Why holidays don’t happen at the same time in Germany

By Oula Mahfouz
“We don’t get a chance to see each other except during the Christmas holidays.” That’s what my sister said to me after she had planned to visit me and get the rest of her things here. She moved near Hamburg with her children last August. Her children finished the school year here and after moving there they had to start the next school year right away without having any holidays. When they then had autumn holidays, my children had to go to school here. The only chance we have is the Christmas holidays, when trains and motorways are overcrowded. Then I asked myself: why are there these different holiday periods in one country?

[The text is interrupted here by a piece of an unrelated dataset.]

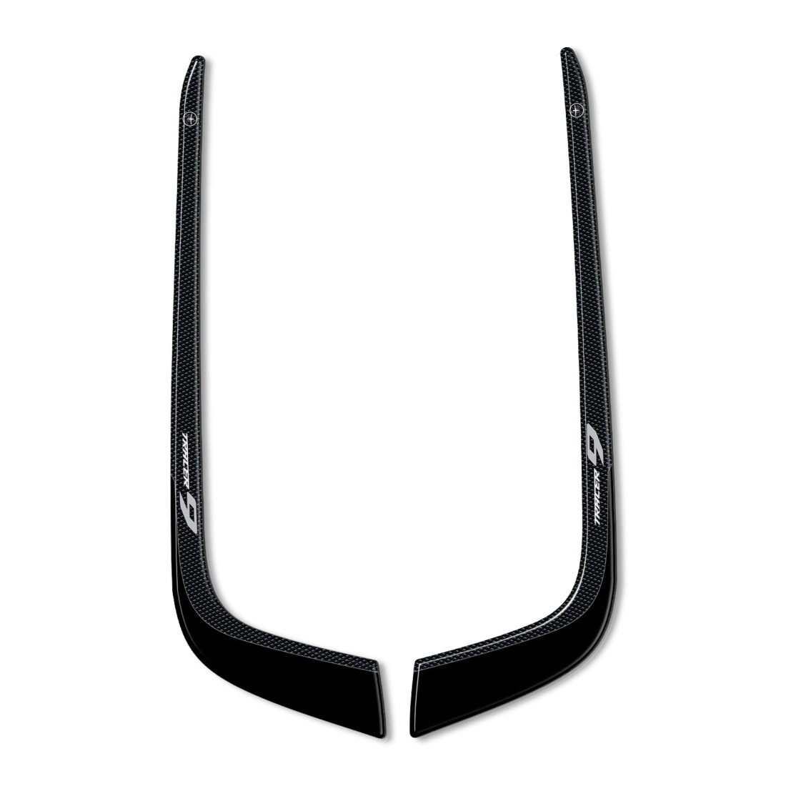 Stickers for motorbike rear handles made of resin with 3D effect. Pair for left and right side of adhesive resin protectors with Carbon Look graphics (carbon effect) and Tracer 9 lettering in grey.

Germany has sixteen federal states and each has its own holiday periods. As for the summer holidays, they vary in time between the federal states in the period from June to September, each lasting about six weeks. The summer holidays are set on an alternating basis between the federal states. The aim is to avoid traffic chaos at the beginning and end of the holidays and to reduce congestion in tourist areas, hotels, railway stations and airports. There are also economic reasons: The tourism industry wants to extend the summer holiday period as much as possible and thus achieve greater occupancy of accommodation. The sixteen federal states are divided into five groups. All the Länder in the group have summer holidays at the same time. They are often geographically close to each other, such as Lower Saxony and Bremen, and are closely linked economically.
The federal states take it in turns to set the summer holiday period, so that they all have summer holidays sometimes earlier and sometimes later. But two federal states do not participate in this arrangement: Bavaria and Baden-Württemberg. The summer holidays there start later each year than in the rest of Germany, usually at the end of July or beginning of August. Schools there traditionally have long Whitsun holidays of two weeks. The rule dates back to 1964, when many children in the agricultural states of Bavaria and Baden-Württemberg had to help with the harvest in late summer and could not go to school.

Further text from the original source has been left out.